Thill, what was the hunting pressure like in Iowa on the public?


----------



## johnhunter247

rockafed said:


> I love the thread. How about we don't discuss specific spots......even in iowa. Maybe someone has a gun tag and is headed that way in a couple of weeks.


I would stay away from Keosauqua if I was you!


Sent from my iPhone using Tapatalk


----------



## thill

Has anyone else been watching The Hunting Public lately? They've been hunting Iowa public land and making it look SOOOO easy! 

My gosh...you just walk in the woods, smash some antlers together and kill a nice buck on the ground. The hunt where Aaron shot the one from within 10 yards on the ground was insane!


----------



## GrizzlyHunter

thill said:


> Has anyone else been watching The Hunting Public lately? They've been hunting Iowa public land and making it look SOOOO easy!
> 
> My gosh...you just walk in the woods, smash some antlers together and kill a nice buck on the ground. The hunt where Aaron shot the one from within 10 yards on the ground was insane!

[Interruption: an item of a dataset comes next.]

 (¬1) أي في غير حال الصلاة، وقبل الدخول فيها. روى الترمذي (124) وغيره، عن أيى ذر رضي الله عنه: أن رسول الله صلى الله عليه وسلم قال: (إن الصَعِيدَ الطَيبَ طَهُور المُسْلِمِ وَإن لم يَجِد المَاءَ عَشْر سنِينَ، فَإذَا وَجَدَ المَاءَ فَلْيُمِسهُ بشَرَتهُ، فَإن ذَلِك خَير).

I have not, but I'd like to. Do you have a link?


----------



## anagranite

thill said:


> Has anyone else been watching The Hunting Public lately? They've been hunting Iowa public land and making it look SOOOO easy!
> 
> My gosh...you just walk in the woods, smash some antlers together and kill a nice buck on the ground. The hunt where Aaron shot the one from within 10 yards on the ground was insane!

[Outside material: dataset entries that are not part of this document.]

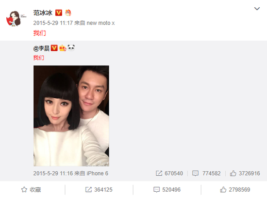 它首次尝到这种滋味是2015年。那年5月,范冰冰与李晨微博主动公开恋情,虽然配文只有简单的两个字“我们”,但在舆论场掀起了惊涛骇浪,一个小时的转发评论量达到惊人的200万次,大量品牌商的借势传播还让热度持续发酵。
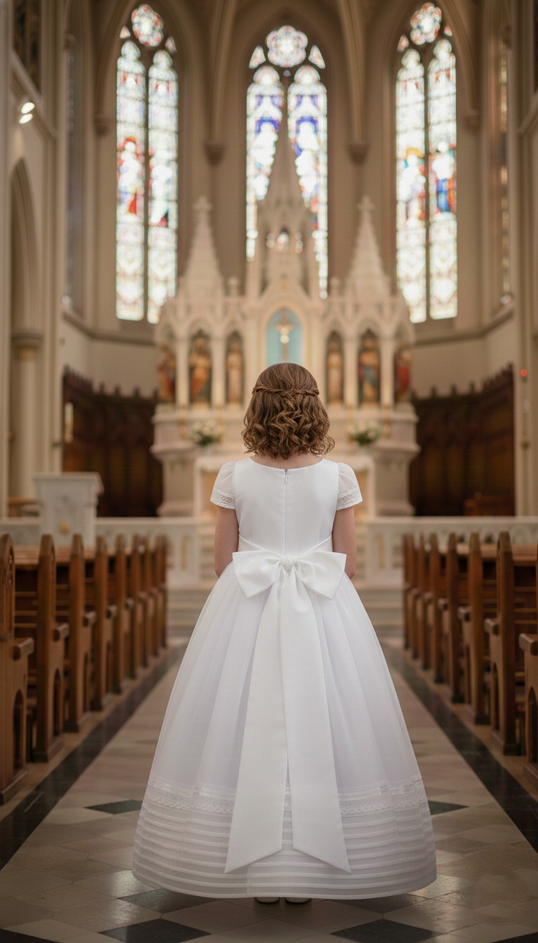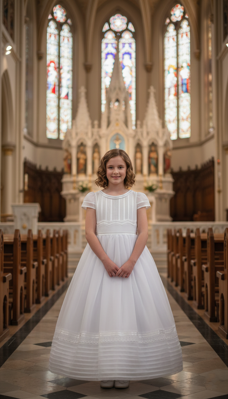 Vestido de Primera Comunión de silueta clásica con corte a la cintura, diseñado con un cuerpo presenta delicados detalles verticales en el frente y un acabado limpio que aporta sobriedad y elegancia. Incluye mangas cortas de diseño sencillo que brindan comodidad y un look tradicional. La falda es amplia, de largo ceremonial, con caída suave y volumen equilibrado, complementada por discretos detalles en el borde inferior.
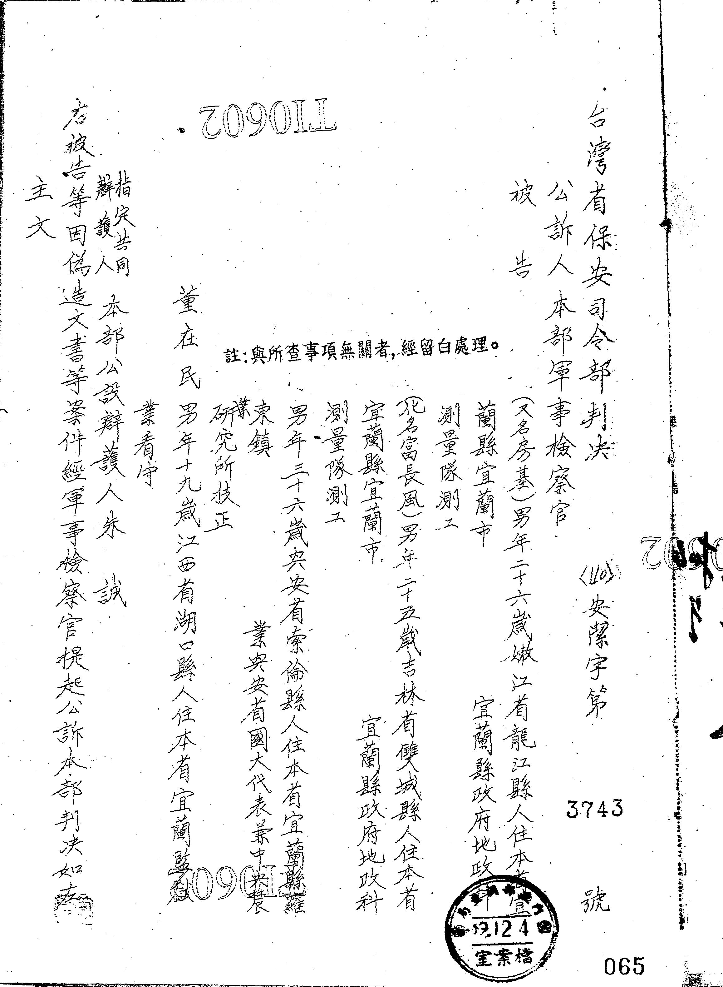 - 裁判書正題名: 臺灣省保安司令部40年安潔字第3743號判決書

I just watched it yesterday, I'm not sure what most expect from Iowa but some of these deer are borderline shooters at best. To each their own but I feel like these guys are trying to get kills on camera more than waiting for trophy class animals.


----------



## snortwheeze

anagranite said:


> I just watched it yesterday, I'm not sure what most expect from Iowa but some of these deer are borderline shooters at best. To each their own but I feel like these guys are trying to get kills on camera more than waiting for trophy class animals.


Believe since they're residents they get a few tags.
I myself if hunting Iowa for sure would wait for "better" bucks then some they've taken. Also why I like them though, have never heard the word "score" out of their mouths they enjoy the hunt just as much as the kill


----------



## whitetail&walleye

anagranite said:


> I just watched it yesterday, I'm not sure what most expect from Iowa but some of these deer are borderline shooters at best. To each their own but I feel like these guys are trying to get kills on camera more than waiting for trophy class animals.

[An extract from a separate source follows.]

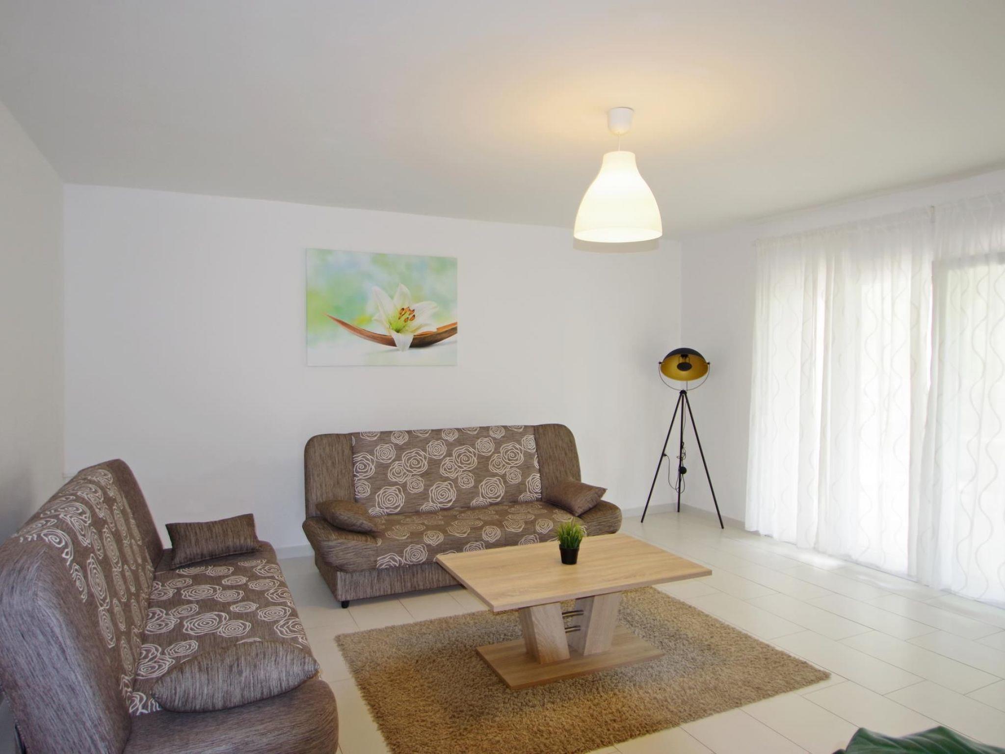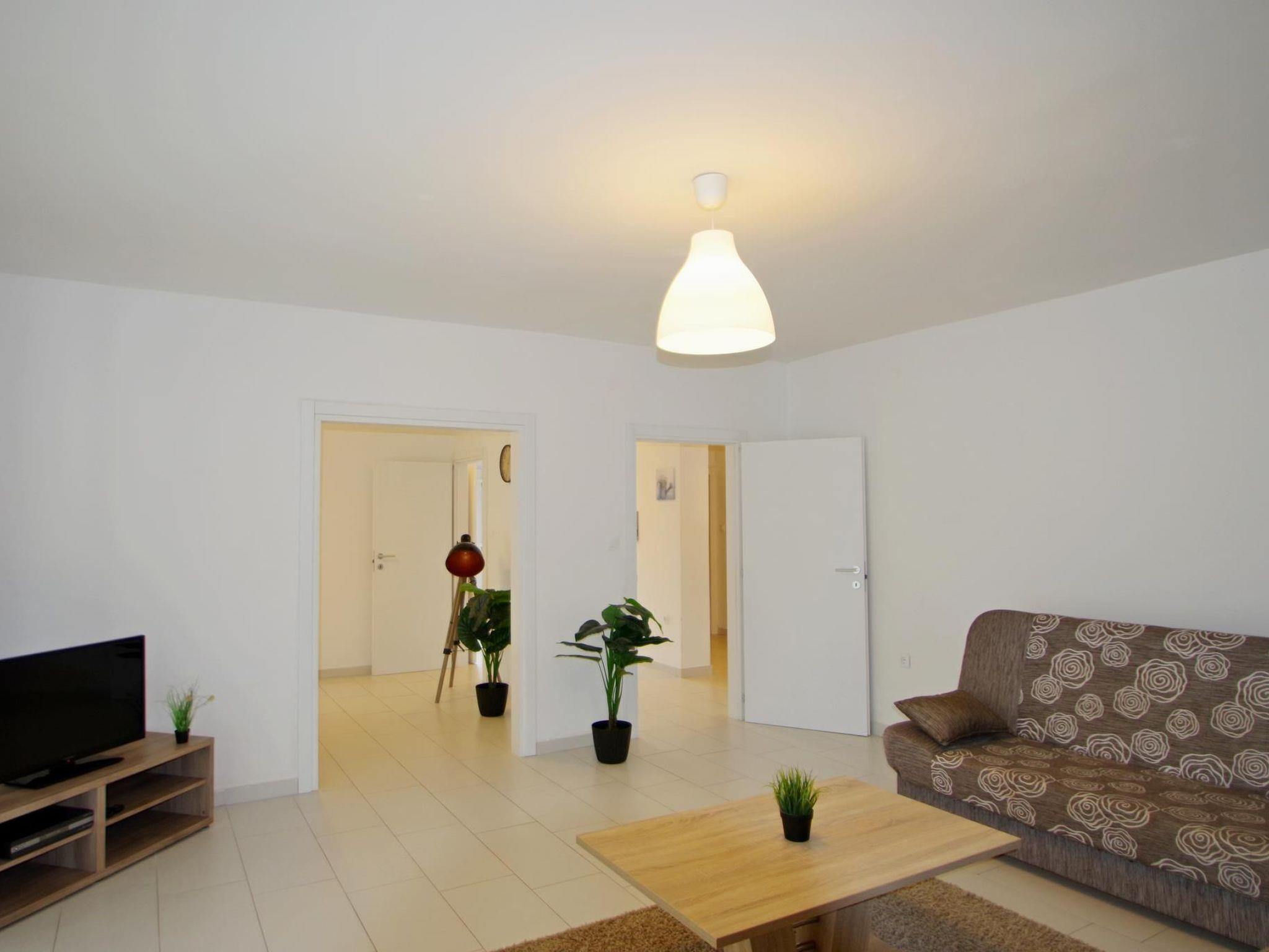 -living room with 2 couches ( each can become a sleeping couch) with exit to the balcony, baby cot on disposal

That and I think they dont focus to much on antler size. I know Ted really likes to let the arrows fly lol.

Sent from my SM-G965U using Tapatalk


----------



## anagranite

I agree with you guys, that's why I watch them. But if I had all season to hunt in a bunch of states I'd probably hold off on a few of these deer. But videos of people sitting in a stand with zero kill shots wouldn't make ratings go up.


----------



## thill

GrizzlyHunter said:


> I have not, but I'd like to. Do you have a link?


This is the one I was talking about. It did take 3 hunts to kill this buck, but still. These guys are good and Iowa public is incredible.


----------



## Wallywarrior

thill said:


> This is the one I was talking about. It did take 3 hunts to kill this buck, but still. These guys are good and Iowa public is incredible.


That deer is not trophy class and can easily be killed on a lot of Iowa public land. If that is the class of deer someone wants to wait and spend all that cash on, most will come hone happy. If you’re sticking it out for a trophy (by rack measurement), then it takes a little more than just showing up in Iowa. 

Also, I didn’t catch if they mention that second shot? Looked pretty horrible and only caused that deer to run hard. If they would have left well enough be, they would have had that deer die close, probably within eyesight. 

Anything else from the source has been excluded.